SUPPLIED RECORDS:
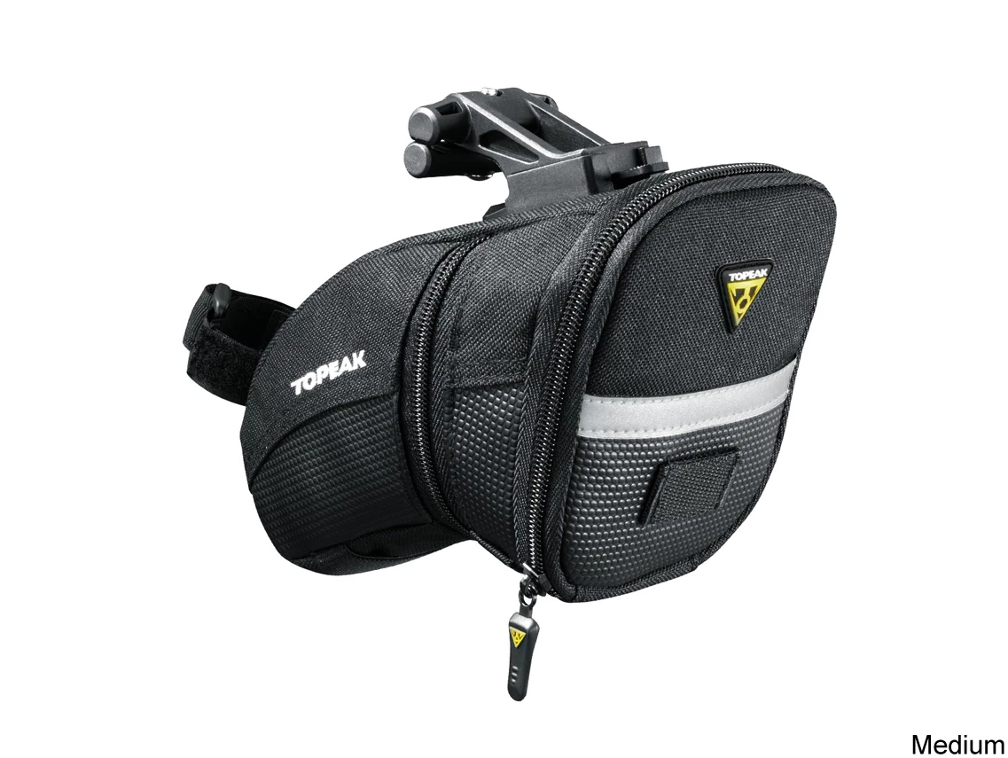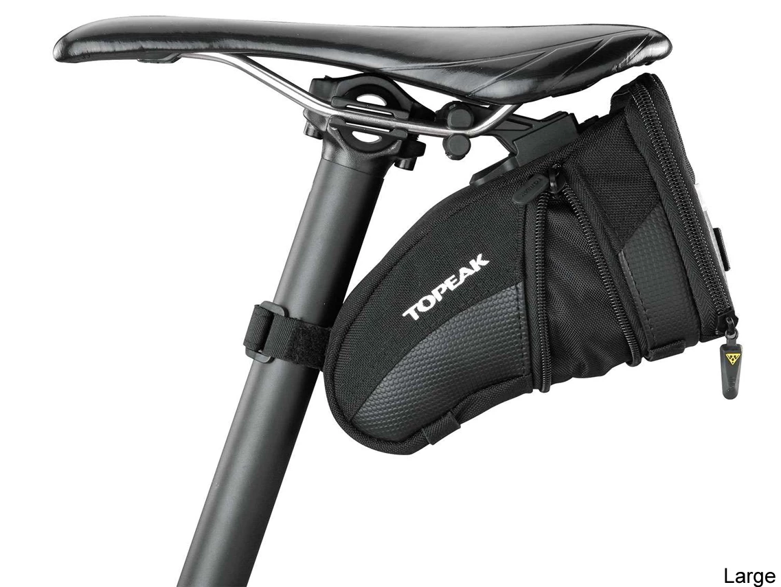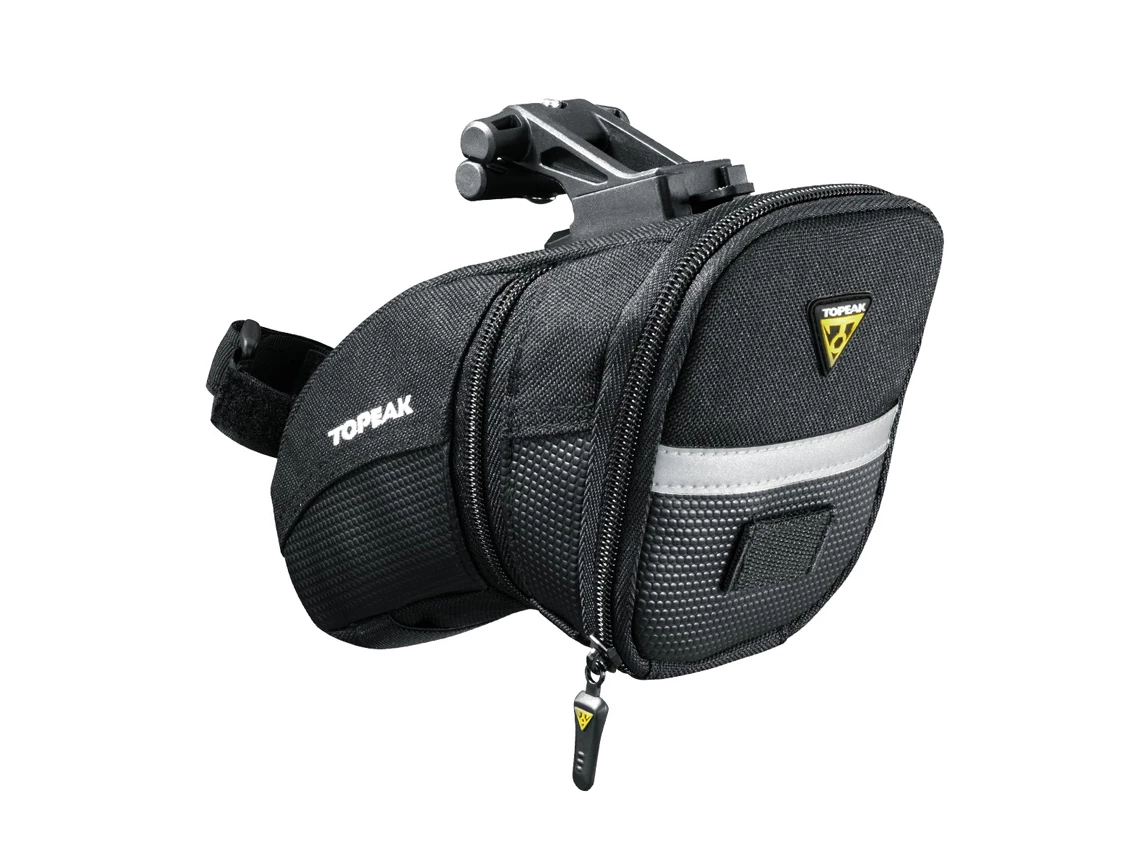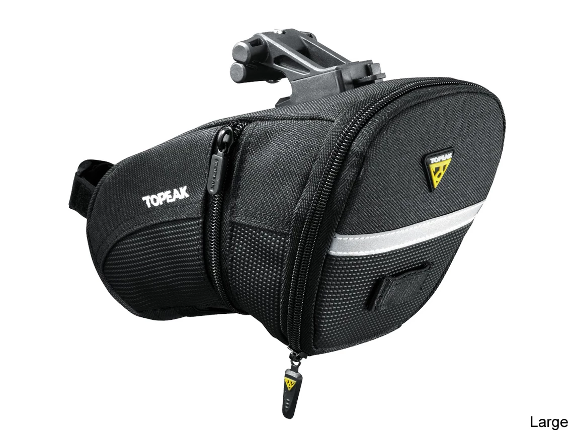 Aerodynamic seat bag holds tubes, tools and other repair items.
---
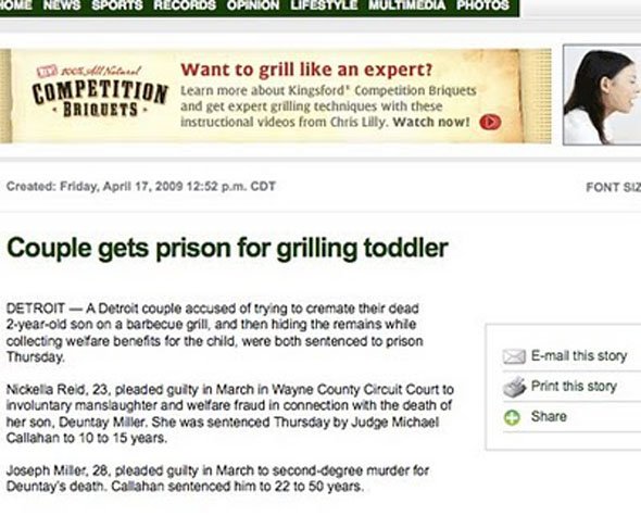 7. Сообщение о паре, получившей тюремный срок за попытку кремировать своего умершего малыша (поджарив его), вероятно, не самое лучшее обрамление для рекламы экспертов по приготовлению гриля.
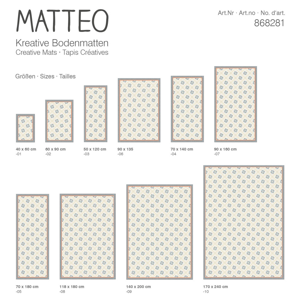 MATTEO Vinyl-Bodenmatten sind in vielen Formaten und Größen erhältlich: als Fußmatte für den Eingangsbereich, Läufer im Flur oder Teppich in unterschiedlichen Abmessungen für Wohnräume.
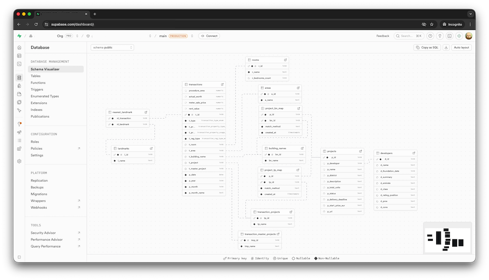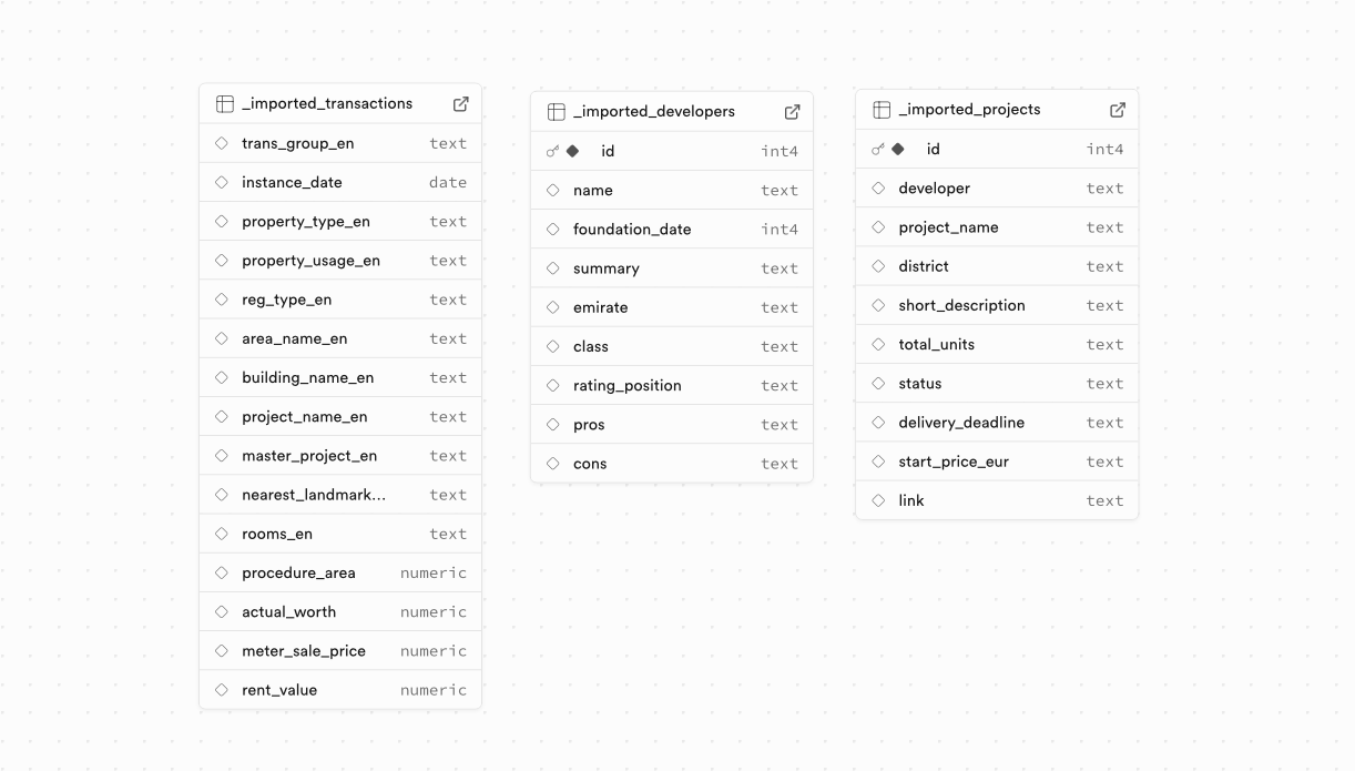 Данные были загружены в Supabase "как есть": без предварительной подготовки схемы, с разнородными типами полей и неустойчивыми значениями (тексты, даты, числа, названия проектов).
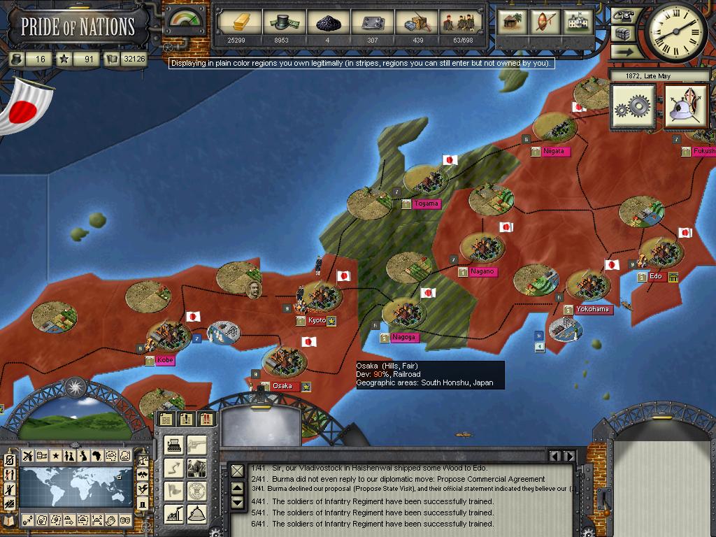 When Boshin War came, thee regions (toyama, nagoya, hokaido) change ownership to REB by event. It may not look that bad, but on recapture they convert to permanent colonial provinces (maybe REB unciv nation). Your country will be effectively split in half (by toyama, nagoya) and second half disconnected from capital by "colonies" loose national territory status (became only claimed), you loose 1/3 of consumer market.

ABOUT THIS EXERCISE: Of the lines above, quote exactly those from the one with "Данные были загружены" through the one with "When Boshin War", ends included; pictures stay out.

RESULT FOR THIS EXERCISE:
 Данные были загружены в Supabase "как есть": без предварительной подготовки схемы, с разнородными типами полей и неустойчивыми значениями (тексты, даты, числа, названия проектов).
 When Boshin War came, thee regions (toyama, nagoya, hokaido) change ownership to REB by event. It may not look that bad, but on recapture they convert to permanent colonial provinces (maybe REB unciv nation). Your country will be effectively split in half (by toyama, nagoya) and second half disconnected from capital by "colonies" loose national territory status (became only claimed), you loose 1/3 of consumer market.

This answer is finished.